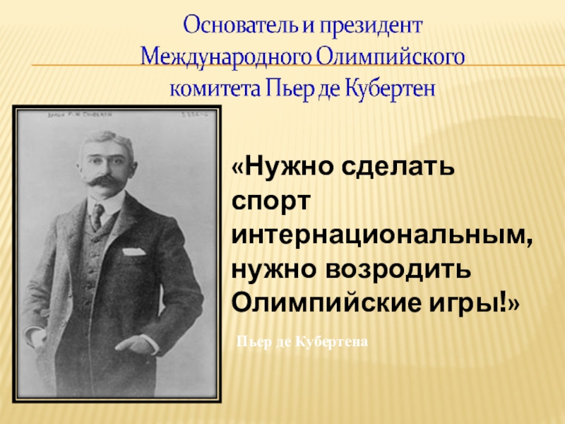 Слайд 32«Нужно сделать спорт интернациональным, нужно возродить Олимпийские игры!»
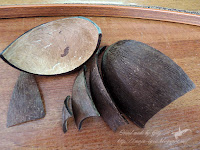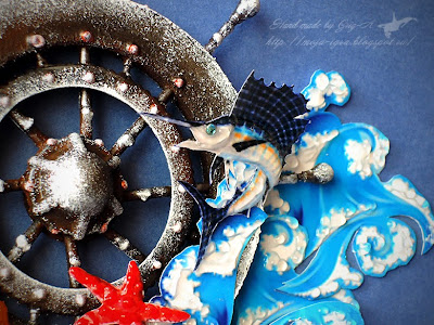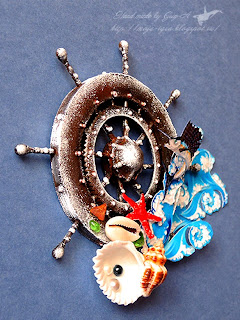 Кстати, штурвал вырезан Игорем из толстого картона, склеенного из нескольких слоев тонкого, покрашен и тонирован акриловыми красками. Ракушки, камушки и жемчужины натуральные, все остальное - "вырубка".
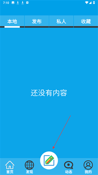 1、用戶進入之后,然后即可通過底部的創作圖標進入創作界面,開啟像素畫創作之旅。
==
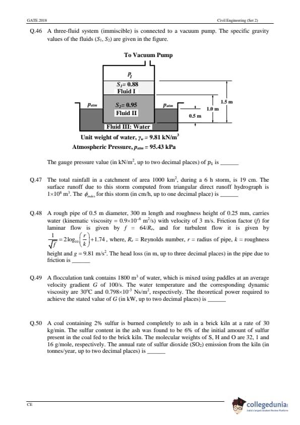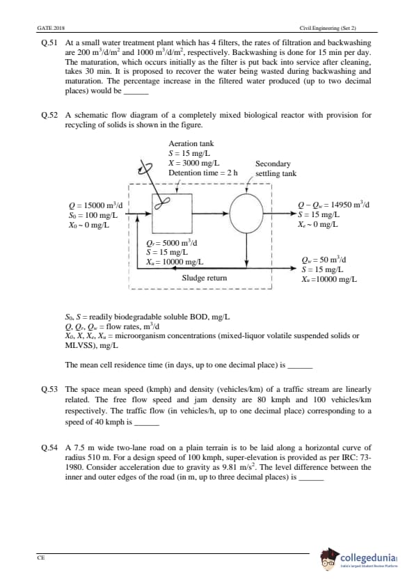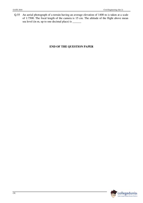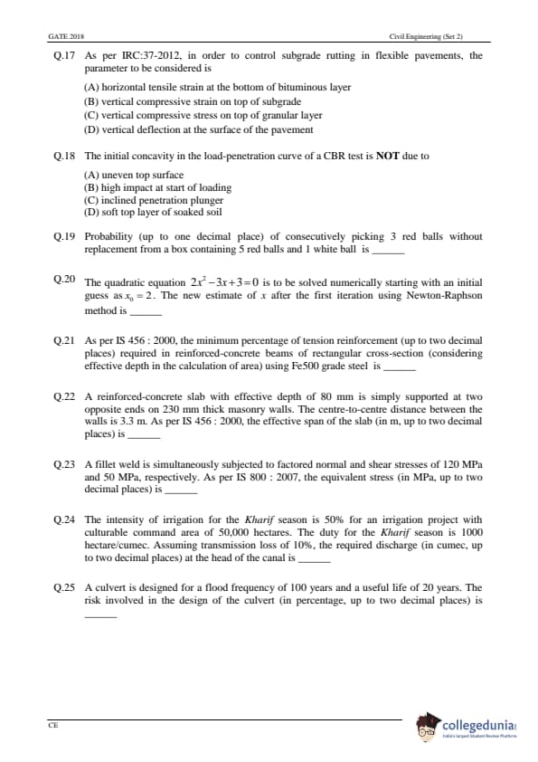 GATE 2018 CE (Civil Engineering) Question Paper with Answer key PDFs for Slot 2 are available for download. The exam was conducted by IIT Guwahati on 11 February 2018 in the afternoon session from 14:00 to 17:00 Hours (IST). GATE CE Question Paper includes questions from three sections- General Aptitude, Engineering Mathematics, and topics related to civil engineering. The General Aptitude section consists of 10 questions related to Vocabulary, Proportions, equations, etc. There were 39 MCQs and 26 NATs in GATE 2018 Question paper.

Instructions to follow — Start at the line containing "Кстати, штурвал вырезан" above and stop at the line containing "1、用戶進入之后,然后即可通過底部的創作圖標進入創作界面,開啟像素畫創作之旅。". Output those lines exactly, both included, but none of the pictures.

Task response —
 Кстати, штурвал вырезан Игорем из толстого картона, склеенного из нескольких слоев тонкого, покрашен и тонирован акриловыми красками. Ракушки, камушки и жемчужины натуральные, все остальное - "вырубка".
 1、用戶進入之后,然后即可通過底部的創作圖標進入創作界面,開啟像素畫創作之旅。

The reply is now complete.